Açıklamada “Filmde doğrudan doğruya bu tabir kullanılmamıştır” deniliyor.
Ancak sonrasında bazı itirazlar var:
“‘Ağzından çıkan her söz kanundu’ ibaresi, yönetmenin de aynı kanaati taşıdığını göstermektedir. Çevresinde yer alan bazı kişilerin sırf ona yaranmak üzere ‘kraldan çok kralcı’ tavırlar aldıkları bilinmektedir. Ancak ağzından çıkan her söz kanun olsaydı Meclis kürsüsünden yapılmasını istediği pek çok şeyin gerçekleşmiş olması gerekirdi” deniliyor ve Toprak Reformu’nu Meclis’ten çıkaramaması örnek veriliyor.
Oysa Atatürk’ün Meclis’ten gerçekten çıkarmak isteyip de çıkaramadığı bizce bilinen bir kanun yoktur.
Atatürk, çiftçiyi topraklandırma konusunu pek çok kez dile getirmiş olmasına karşın ciddi bir girişimde bulunmamıştır. Bu konudaki tek ciddi girişim 1944 yılında yapılmış, o da CHP’nin bölünmesiyle sonuçlanmıştır.
Atatürk’ün sözedilen dönemde Meclis’ten çıkarmak isteyip de başaramadığı bir kanun örneği var ise bunu ATAM akademisyenleri herhalde açıklayacaklardır.

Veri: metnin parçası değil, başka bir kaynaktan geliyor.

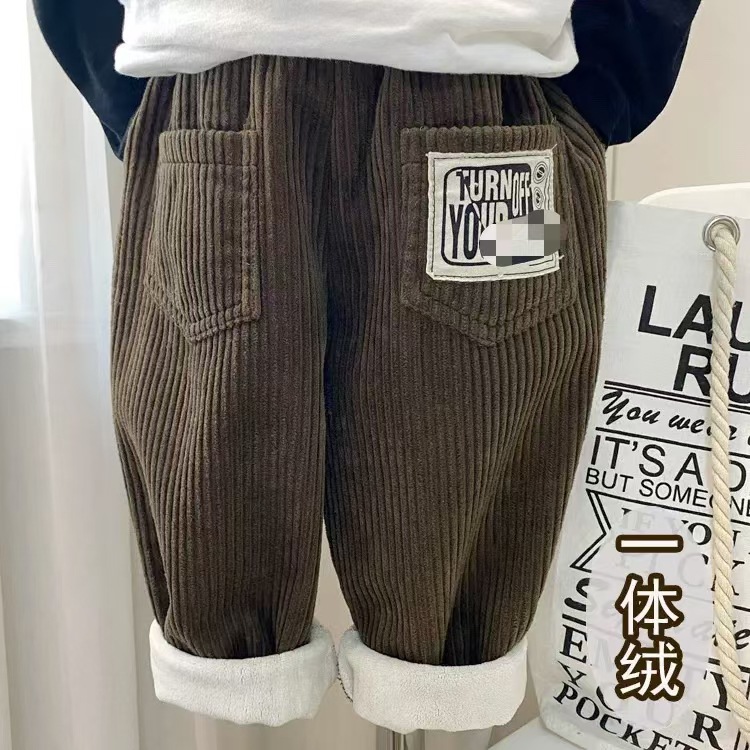 소년 벨벳 바지 한 조각 두꺼운 코듀로이 가을과 겨울 어린이 넓은 다리 바지 어린이 겨울 2024 새로운스토어 가기

Karalamak yerine bir şeyler yapmak...

Atatürk Araştırma Merkezi’nin “maddi hata” olarak gösterdiği noktalara ilişkin görüşümüz bu…

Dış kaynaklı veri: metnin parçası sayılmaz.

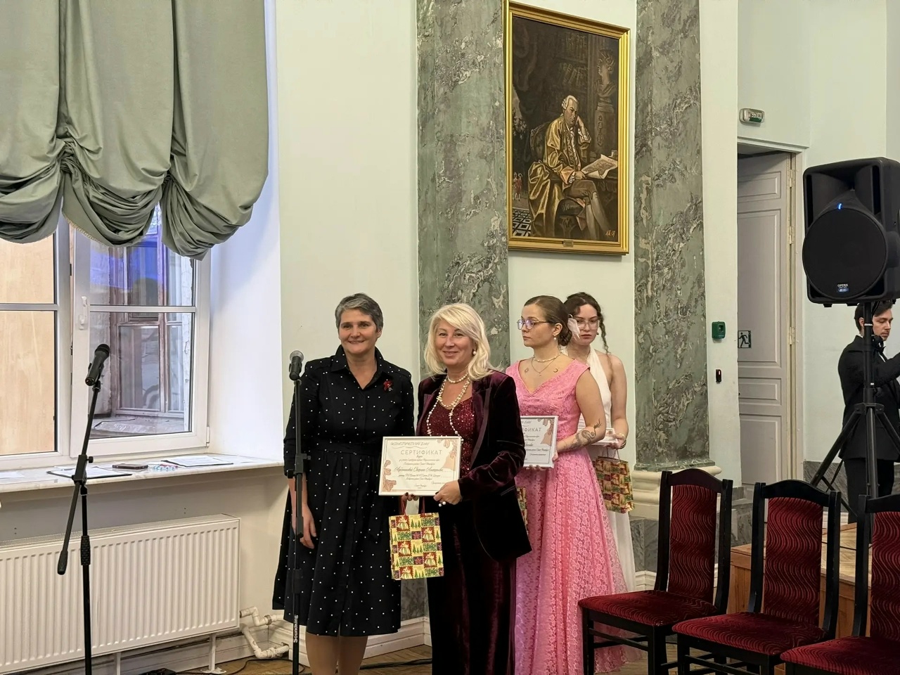 Мероприятие завершила торжественная церемония вручения сертификатов учащимся 10А класса. Каждый ученик получил сертификат о подтверждении прохождения обучения в классе психолого-педагогического направления лично из рук директора школы Светланы Анатольевны Лубенниковой.

Eleştirilere hak veremesek de devletin Atatürk’ü araştırmakla görevli merkezinin, bir sinema belgeselini ciddiyetle inceleyip yorum hazırlamasını, olumlu bir çaba olarak değerlendiriyoruz.

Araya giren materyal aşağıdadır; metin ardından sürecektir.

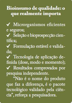 Para Mariangela, o conceito que realmente faz sentido é o de bioinsumo de qualidade, que envolve muito mais do que a escolha de uma bactéria ou fungo.

70 yıl boyunca Atatürk’e ilişkin derli toplu bir film çalışması için önayak olmak şöyle dursun, bu işe kalkışanları bezdirmiş devletten gelen açıklamanın en sevindirici bölümü sanırız şu itiraf ve hazırlık cümleleridir:
“Akademik bir müessesenin idarecileri konumundaki akademisyenler olarak bu son derece hayati konuda şimdiye kadar yeterli ve gerekli çalışmaların ortaya konmamış olması eksikliğini kabul etmek durumundayız. Ancak tarihçi olmayan birinin kendi penceresinden gördüğü Atatürk’ün film yapılmış kompozisyonuna itiraz etmek yerine ondan çok daha iyisini yaparak cevap vermenin bizlerin konumuna daha uygun düştüğü kanaatindeyiz. Atatürk Araştırma Merkezi olarak bu konudaki eksiği gidermek için üzerimize düşen görevin bilincindeyiz. Bu görevi yerine getirmeye yönelik hazırlıklarımızın devam etmekte olduğunu kamuoyunun bilgisine sunarız.”
70 yıl boyunca gösterilmemiş gayretin bu vesileyle hatırlanması ve devletin “Çok ihmal ettik. Artık bir şeyler yapanları karalamak yerine biz de bir şey yapsak iyi olur” noktasına gelmiş olması, belki de “Mustafa”nın, en büyük katkısı olarak tarihe geçecektir.